Logical vulnerabilities in software stem from flaws in program logic rather than memory safety, which can lead to critical security failures. Although existing automated program repair techniques primarily focus on repairing memory corruption vulnerabilities, they struggle with logical vulnerabilities because of their limited semantic understanding of the vulnerable code and its expected behavior. On the other hand, recent successes of large language models (LLMs) in understanding and repairing code are promising. However, no framework currently exists to analyze the capabilities and limitations of such techniques for logical vulnerabilities. This paper aims to systematically evaluate both traditional and LLM-based repair approaches for addressing real-world logical vulnerabilities. To facilitate our assessment, we created the first ever dataset, LogicDS, of 86 logical vulnerabilities with assigned CVEs reflecting tangible security impact. We also developed a systematic framework, LogicEval, to evaluate patches for logical vulnerabilities. Evaluations suggest that compilation and testing failures are primarily driven by prompt sensitivity, loss of code context, and difficulty in patch localization.

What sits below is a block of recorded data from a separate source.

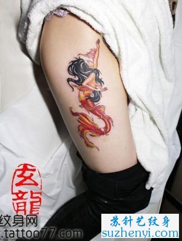 腿部美人鱼纹身_腿部纹身图案大全_纹身图吧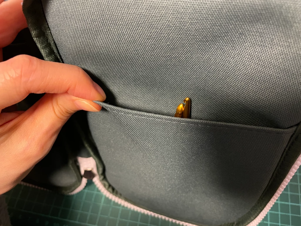 ↑右のポケットはかぎ針を入れると隠れて見えなくなります
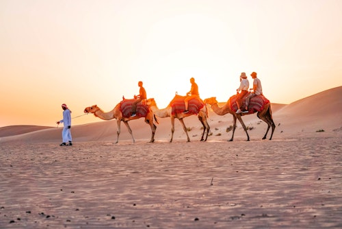 Préparez-vous à vivre une expérience unique avec le Safari matinal dans le désert proposé par Emirates Tours et Safari à Abu Dhabi. L'aventure commence par une prise en charge à l'hôtel, avec présentation d'un guide et d'un chauffeur chevronnés prêts à diriger ce voyage sauvage. Préparez-vous à une séance de dune bashing en 4x4 qui vous fera battre le cœur, à travers les hauts et les bas des montagnes russes du désert. Ensuite, l'élevage traditionnel de chameaux vous attend, vous permettant de rencontrer de près ces nobles créatures, parfaites pour prendre des clichés face au panorama époustouflant du désert. Dans le paisible camp de style bédouin, étanchez votre soif avec de l'eau gratuite et embarquez pour une courte promenade à dos de chameau pour une expérience authentique du désert. Pour les amateurs d'adrénaline, essayez le sandboarding sur les collines sablonneuses pour une poussée d'excitation. Cette matinée exaltante se termine par un retour à l'hôtel, garantissant une matinée remarquable gravée dans les sables du désert d'Abu Dhabi.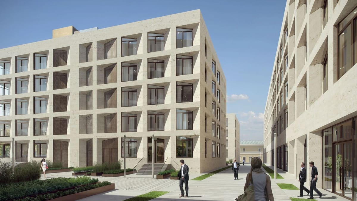 Проект разработан бюро «БРТ РУС», которое воплотило в жизнь гармоничный ансамбль из пяти особняков высотой от 2 до 7 этажей.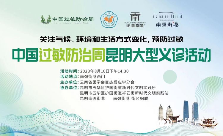 2023年8月7-13日,将迎来第八届“中国过敏防治周“,今年的宣传主题为“关注气候、环境和生活方式变化,预防过敏”。为了做好今年“中国过敏防治周”的宣传,由云南省医学会变态反应学分会主办,昆明市五华区护国街道新时代文明实践所、昆明市五华区护国街道祥云街新时代文明实践站、昆明南强街巷、南强街巷街区妇联联合协办,将于8月10日下午14时30分在“昆明市南强芳香市集-金碧公园口”开展“中国过敏防治周昆明大型义诊活动”。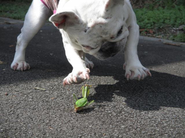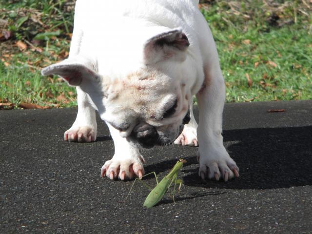 暫く天候不順が続いておりますが、皆様はいかがお過ごしでしょうか?やっと本日太陽をみる事ができ、看板娘「はな」もお散歩を楽しむ事が出来ました。何故かタイミング良くお友達のカマキリが登場!!大ハッスル「はな」ですね~~。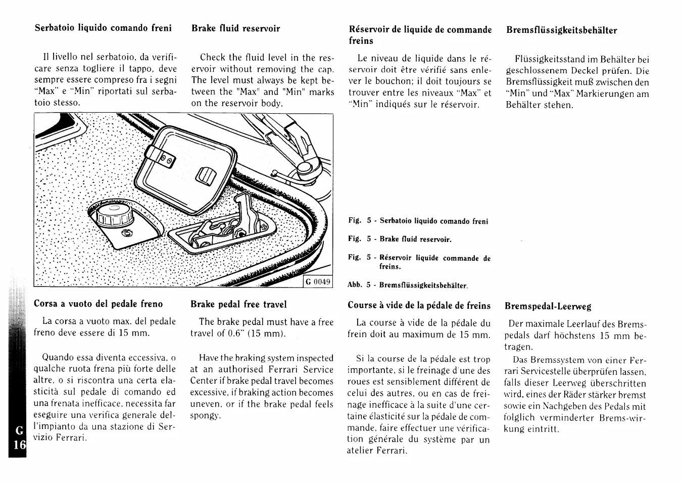 Ferrari F355 - Brake Fluid Reservoir; Brake Pedal Free Travel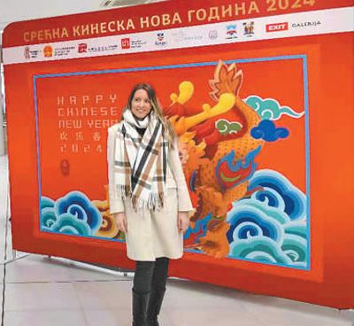 1月30日,在塞爾維亞諾維薩德,一位女士在“歡樂春節(jié)”活動展板前留影。本報記者 謝亞宏攝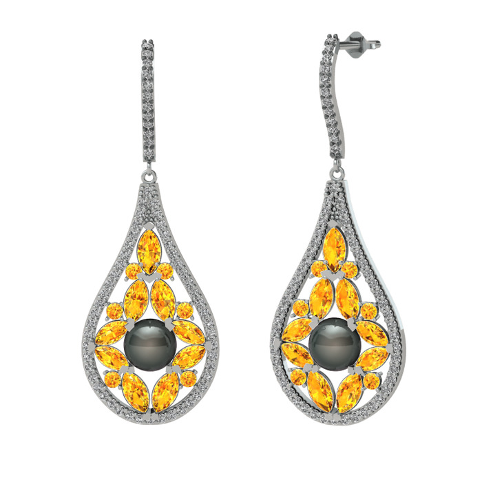 Siyah inci, sitrin ve swarovski 18 ayar beyaz altın küpe

翻译：软件中的逻辑漏洞源于程序逻辑缺陷而非内存安全问题，可能引发严重的安全故障。尽管现有自动程序修复技术主要聚焦于修复内存损坏漏洞，但由于其对脆弱代码及其预期行为的语义理解有限，往往难以应对逻辑漏洞。另一方面，大型语言模型在代码理解与修复领域的最新成功带来了希望。然而，目前尚无框架可系统分析这类技术在处理逻辑漏洞时的能力与局限性。本文旨在系统评估传统修复方法与基于大型语言模型的修复方法在处理真实世界逻辑漏洞时的表现。为支撑评估，我们首次构建了包含86个已分配CVE编号的逻辑漏洞数据集LogicDS，这些漏洞具有切实的安全影响。同时，我们开发了系统性评估框架LogicEval，用于评估针对逻辑漏洞的补丁。评估表明，编译与测试失败主要由提示敏感性、代码上下文丢失以及补丁定位困难引发。